A California appeals court upheld the forced sale of the Los Angeles Clippers basketball team over the objections of owner Donald Sterling to Steven Ballmer in 2014.
The National Basketball Association (NBA) imposed a lifetime ban on Sterling from the Clippers after a taperecording surfaced in which he made remarks deeply offensive, demeaning and discriminatory toward African Americans, Latinos and minorities in general.
The ban forced the sale of the clippers by Sterling’s wife Rochelle, over Donald’s vigorous objections. Donald’s refusal to sign the sale agreement cause Rochelle to remove him as a trustee and to file a petition in probate court seeking confirmation of his removal and the forced sale of the team.
The probate court agreed with Rochelle and Monday a state Court of Appeal panel upheld that ruling.
The NBA also fined Donald $2.5 million along with the ban from the league. Nonetheless, after his comments were made public it was feared by new team management that fans would stop buying tickets if he continued as owner and the team would enter a “death spiral.”

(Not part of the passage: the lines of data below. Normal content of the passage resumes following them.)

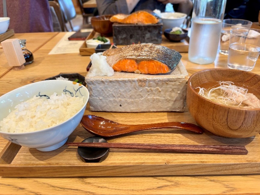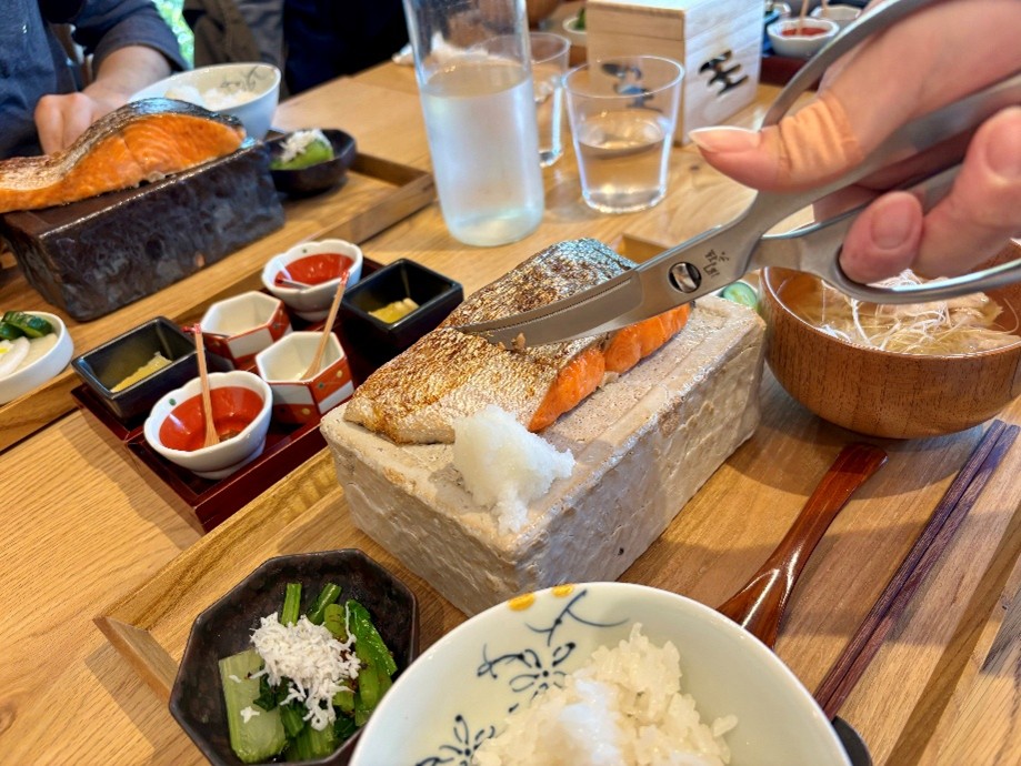 朝食は1種類のみ。大きな銀じゃけが主役の定食2750円です。 驚くのがしゃけの分厚さ。思わず声が出てしまうほど厚い鮭にテンションアップ!食べやすくするために、スタッフの方がハサミで切り分けてくれるほどです。
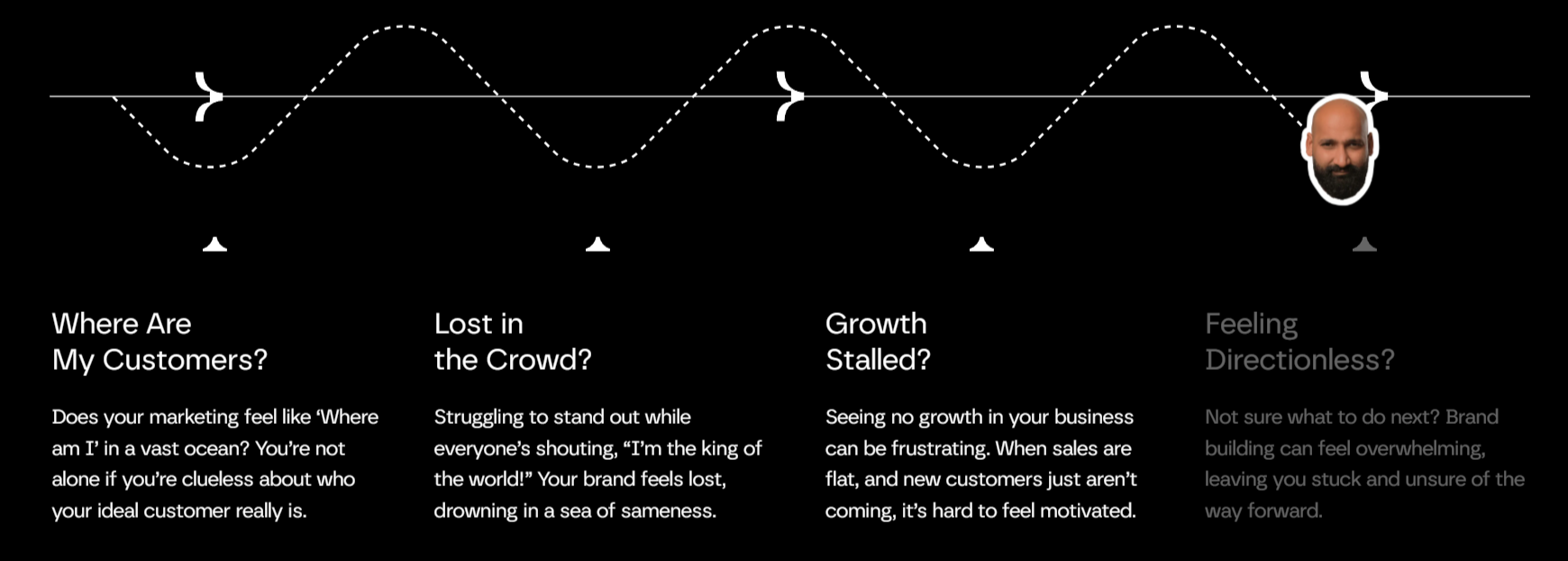 “Find your brand’s unique essence… Create Experiences that forge emotional connections… Engage your audience and turn loyal customers into advocates… Evolve with your market as trends shift…”.
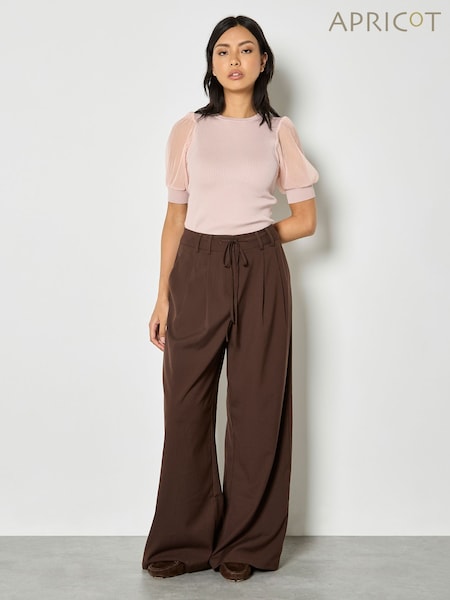 Apricot Brown Pleat Detail Wide-Leg Trousers

Ballmer, a former executive at Microsoft, offered to pay $2 billion to buy the team, more than $400 million more than the next highest bidder.
The evidence “overwhelmingly supported the probate court’s conclusion that exigent circumstances warranted the sale of the Clippers to prevent extraordinary loss of trust,” the appeals court said.
In addition to the Clippers, the Sterling family trust controlled $2.5 billion, including 150 apartment buildings with 20,000 tenants, 15 residential properties , land and a hotel.